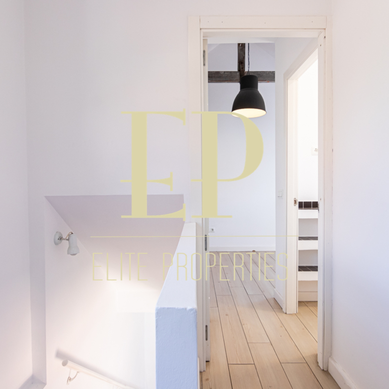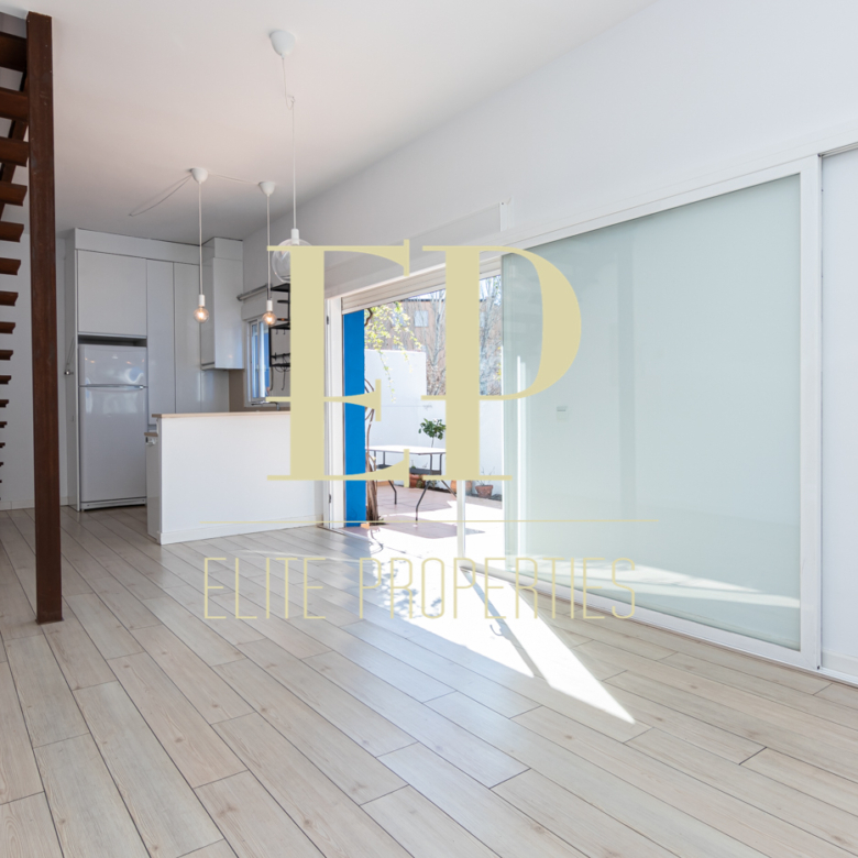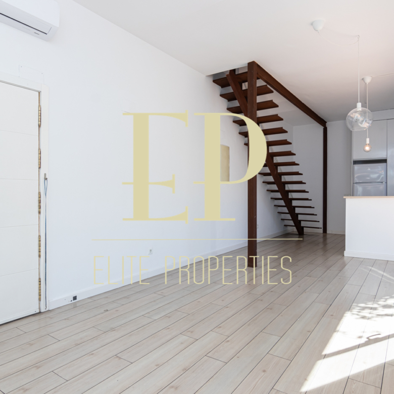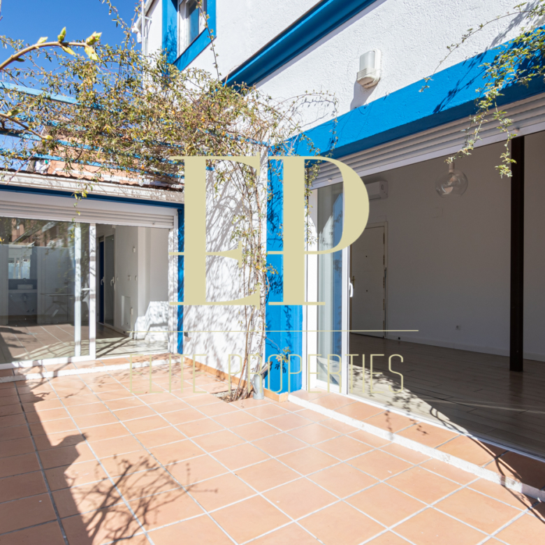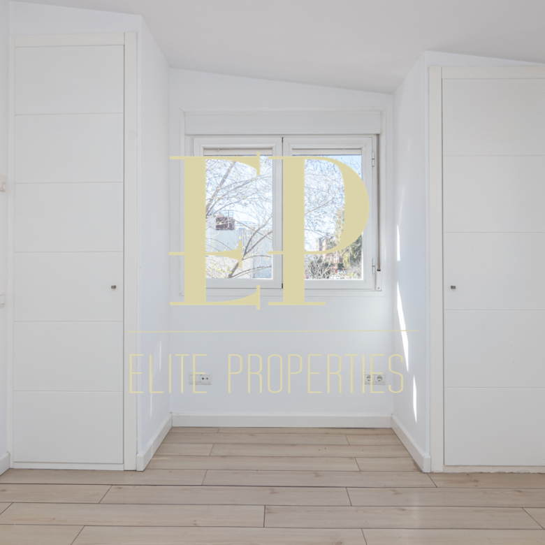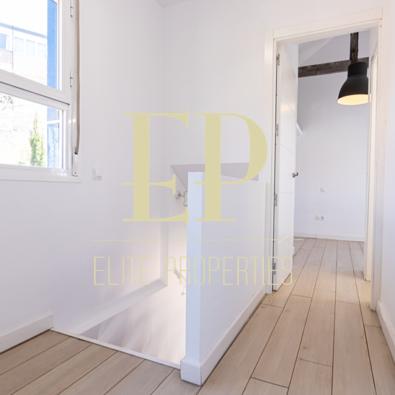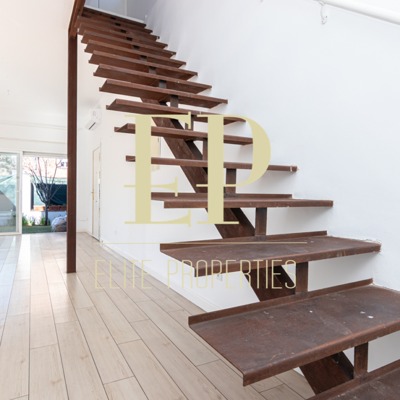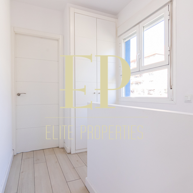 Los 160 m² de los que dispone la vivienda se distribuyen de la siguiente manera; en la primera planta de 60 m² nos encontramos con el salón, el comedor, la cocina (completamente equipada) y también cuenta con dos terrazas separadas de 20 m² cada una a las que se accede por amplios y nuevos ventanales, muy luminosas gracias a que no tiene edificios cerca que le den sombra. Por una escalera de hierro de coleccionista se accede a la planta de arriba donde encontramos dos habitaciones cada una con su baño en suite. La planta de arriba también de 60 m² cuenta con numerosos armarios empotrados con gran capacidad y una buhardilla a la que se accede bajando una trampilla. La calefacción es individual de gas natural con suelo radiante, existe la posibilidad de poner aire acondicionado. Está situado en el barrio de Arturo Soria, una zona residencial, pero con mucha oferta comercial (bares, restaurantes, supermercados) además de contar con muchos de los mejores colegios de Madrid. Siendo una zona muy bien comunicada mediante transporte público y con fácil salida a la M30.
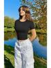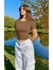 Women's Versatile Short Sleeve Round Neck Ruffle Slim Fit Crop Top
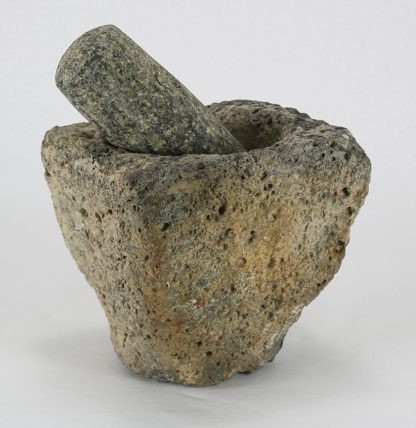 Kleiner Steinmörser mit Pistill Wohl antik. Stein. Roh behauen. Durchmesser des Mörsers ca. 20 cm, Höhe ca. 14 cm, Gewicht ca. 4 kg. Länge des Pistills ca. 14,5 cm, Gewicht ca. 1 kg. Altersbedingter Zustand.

------------------------------------------------------------

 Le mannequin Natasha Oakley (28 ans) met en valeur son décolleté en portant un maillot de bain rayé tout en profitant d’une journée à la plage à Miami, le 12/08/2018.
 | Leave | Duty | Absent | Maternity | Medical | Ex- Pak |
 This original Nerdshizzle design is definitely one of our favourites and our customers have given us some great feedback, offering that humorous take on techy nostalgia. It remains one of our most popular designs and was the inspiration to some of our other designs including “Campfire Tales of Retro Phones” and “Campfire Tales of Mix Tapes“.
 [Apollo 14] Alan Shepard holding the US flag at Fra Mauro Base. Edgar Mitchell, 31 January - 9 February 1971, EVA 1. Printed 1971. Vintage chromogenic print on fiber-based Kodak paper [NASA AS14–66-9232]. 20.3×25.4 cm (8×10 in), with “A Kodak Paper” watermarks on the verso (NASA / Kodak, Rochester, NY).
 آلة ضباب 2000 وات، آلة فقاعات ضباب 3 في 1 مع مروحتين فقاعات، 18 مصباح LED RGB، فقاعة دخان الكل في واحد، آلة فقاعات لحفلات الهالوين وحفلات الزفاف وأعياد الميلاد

------------------------------------------------------------

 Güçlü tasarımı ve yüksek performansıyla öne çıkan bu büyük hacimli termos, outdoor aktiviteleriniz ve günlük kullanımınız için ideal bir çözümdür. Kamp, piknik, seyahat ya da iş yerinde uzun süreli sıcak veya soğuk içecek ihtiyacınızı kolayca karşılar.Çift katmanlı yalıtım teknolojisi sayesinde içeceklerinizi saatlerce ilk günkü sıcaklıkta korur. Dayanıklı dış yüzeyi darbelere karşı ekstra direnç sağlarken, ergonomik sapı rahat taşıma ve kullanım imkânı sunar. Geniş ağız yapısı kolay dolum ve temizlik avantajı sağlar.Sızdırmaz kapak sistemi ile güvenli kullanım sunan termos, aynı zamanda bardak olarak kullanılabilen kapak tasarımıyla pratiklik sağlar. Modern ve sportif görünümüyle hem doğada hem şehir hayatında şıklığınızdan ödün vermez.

------------------------------------------------------------

§ PROBLEM DESCRIPTION
Reproduce the entries above exactly, but only the lines between the line holding "This original Nerdshizzle" and the line holding "آلة ضباب 2000", inclusive.

§ COMPLETED EXERCISE
 This original Nerdshizzle design is definitely one of our favourites and our customers have given us some great feedback, offering that humorous take on techy nostalgia. It remains one of our most popular designs and was the inspiration to some of our other designs including “Campfire Tales of Retro Phones” and “Campfire Tales of Mix Tapes“.
 [Apollo 14] Alan Shepard holding the US flag at Fra Mauro Base. Edgar Mitchell, 31 January - 9 February 1971, EVA 1. Printed 1971. Vintage chromogenic print on fiber-based Kodak paper [NASA AS14–66-9232]. 20.3×25.4 cm (8×10 in), with “A Kodak Paper” watermarks on the verso (NASA / Kodak, Rochester, NY).
 آلة ضباب 2000 وات، آلة فقاعات ضباب 3 في 1 مع مروحتين فقاعات، 18 مصباح LED RGB، فقاعة دخان الكل في واحد، آلة فقاعات لحفلات الهالوين وحفلات الزفاف وأعياد الميلاد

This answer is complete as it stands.